Com representação comercial no Rio de Janeiro, São Paulo, Los Angeles e Miami, a Nomad mantém como core business oferecer um mix de especialidades, viabilizando produções em qualquer lugar do mundo.

A atual Nomad é reconhecida por atuar na produção de filmes publicitários e conteúdo de marca, tendo em seu portfólio trabalhos para marcas como Uber, Samsung, Mormaii, Loterias Caixa, Estácio, Vivo, Sicredi, Senac, Fundação Bradesco, Pixbet e Hapvida, entre outras.

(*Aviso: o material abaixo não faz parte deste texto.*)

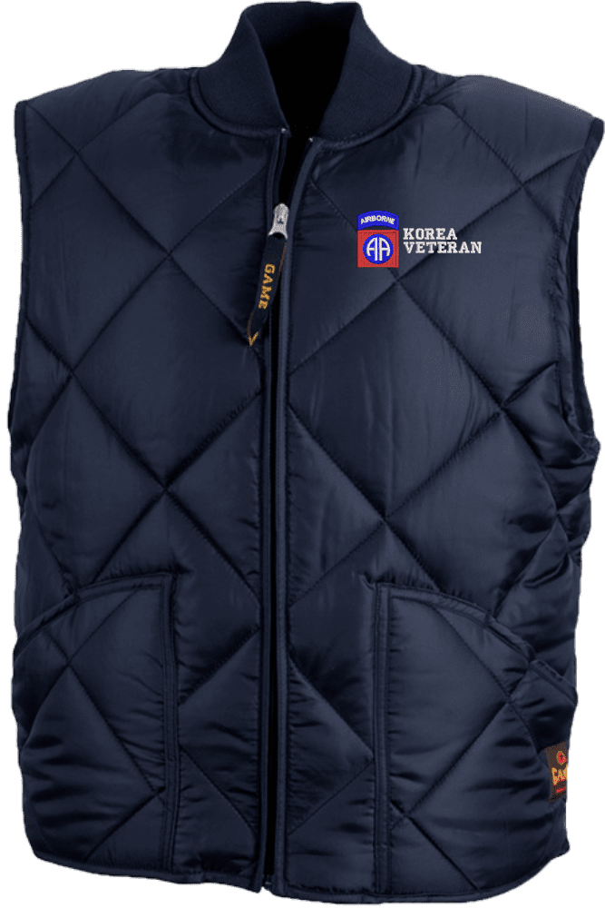 MilitaryBest is proud to offer this quality 82ND Airborne Division Korea Veteran Game Sportswear Finest Vest. Our U.S. Army Vests feature, wind-resistant nylon taffeta shell, 5oz poly-fill lining with thermal knit backing, full front zipper, 2 outer pockets, and are machine washable. These Military Sportswear Vests are proudly embroidered at our facilities in Scottsboro, AL.

“Estamos sempre em busca do melhor resultado para o projeto, seja filmando no Brasil, nos Estados Unidos, na América Central ou na Ásia. Somos uma nação de alma Brasileira, mas sem um CEP definido”, diz Caio Abreia.

No modelo da Nomad AI, cada projeto é pensado como um diálogo entre linguagens: o humano e o digital, o set físico e o ambiente virtual, a direção cinematográfica e os algoritmos.

A inteligência artificial entra como meio para ampliar possibilidades visuais, propor soluções técnicas e viabilizar ideias que antes dependiam exclusivamente de grandes estruturas ou orçamentos elevados.

“A tecnologia, para nós, não é um fim. É mais uma grande ferramenta para que ajuda muito a resolver problemas orçamentários e abrir caminhos que antes não existiam”, completa Abreia.